**Given records**
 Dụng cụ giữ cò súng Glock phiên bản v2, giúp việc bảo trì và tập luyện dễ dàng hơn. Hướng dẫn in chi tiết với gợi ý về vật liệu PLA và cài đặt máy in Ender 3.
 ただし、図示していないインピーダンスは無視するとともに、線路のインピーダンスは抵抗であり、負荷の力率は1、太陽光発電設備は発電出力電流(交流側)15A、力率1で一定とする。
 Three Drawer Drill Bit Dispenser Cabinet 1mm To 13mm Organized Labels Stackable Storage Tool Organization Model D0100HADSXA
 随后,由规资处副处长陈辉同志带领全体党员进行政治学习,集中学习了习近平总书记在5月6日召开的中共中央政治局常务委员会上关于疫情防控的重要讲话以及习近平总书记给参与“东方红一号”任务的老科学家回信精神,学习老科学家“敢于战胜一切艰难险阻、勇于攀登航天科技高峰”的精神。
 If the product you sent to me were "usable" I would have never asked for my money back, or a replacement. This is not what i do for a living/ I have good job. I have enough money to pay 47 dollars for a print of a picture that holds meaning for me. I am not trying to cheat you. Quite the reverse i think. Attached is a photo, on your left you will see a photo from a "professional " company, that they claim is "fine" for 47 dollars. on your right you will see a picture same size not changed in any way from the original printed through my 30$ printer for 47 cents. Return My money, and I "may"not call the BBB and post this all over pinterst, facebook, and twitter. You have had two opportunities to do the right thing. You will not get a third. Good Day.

...

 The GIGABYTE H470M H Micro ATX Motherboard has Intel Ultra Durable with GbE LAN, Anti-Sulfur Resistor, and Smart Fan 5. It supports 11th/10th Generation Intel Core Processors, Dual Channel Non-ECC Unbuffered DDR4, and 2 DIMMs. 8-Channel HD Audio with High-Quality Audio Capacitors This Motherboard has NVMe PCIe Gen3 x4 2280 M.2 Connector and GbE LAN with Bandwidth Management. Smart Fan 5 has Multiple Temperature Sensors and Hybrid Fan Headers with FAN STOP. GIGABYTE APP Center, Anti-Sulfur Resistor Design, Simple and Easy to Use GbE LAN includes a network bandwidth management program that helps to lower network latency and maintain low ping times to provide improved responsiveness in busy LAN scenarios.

**What is expected**
Could you return exactly the stretch of the data above that starts at the line with "ただし、図示していないインピ" and ends at the line with "If the product", both lines included?

**Your response**
 ただし、図示していないインピーダンスは無視するとともに、線路のインピーダンスは抵抗であり、負荷の力率は1、太陽光発電設備は発電出力電流(交流側)15A、力率1で一定とする。
 Three Drawer Drill Bit Dispenser Cabinet 1mm To 13mm Organized Labels Stackable Storage Tool Organization Model D0100HADSXA
 随后,由规资处副处长陈辉同志带领全体党员进行政治学习,集中学习了习近平总书记在5月6日召开的中共中央政治局常务委员会上关于疫情防控的重要讲话以及习近平总书记给参与“东方红一号”任务的老科学家回信精神,学习老科学家“敢于战胜一切艰难险阻、勇于攀登航天科技高峰”的精神。
 If the product you sent to me were "usable" I would have never asked for my money back, or a replacement. This is not what i do for a living/ I have good job. I have enough money to pay 47 dollars for a print of a picture that holds meaning for me. I am not trying to cheat you. Quite the reverse i think. Attached is a photo, on your left you will see a photo from a "professional " company, that they claim is "fine" for 47 dollars. on your right you will see a picture same size not changed in any way from the original printed through my 30$ printer for 47 cents. Return My money, and I "may"not call the BBB and post this all over pinterst, facebook, and twitter. You have had two opportunities to do the right thing. You will not get a third. Good Day.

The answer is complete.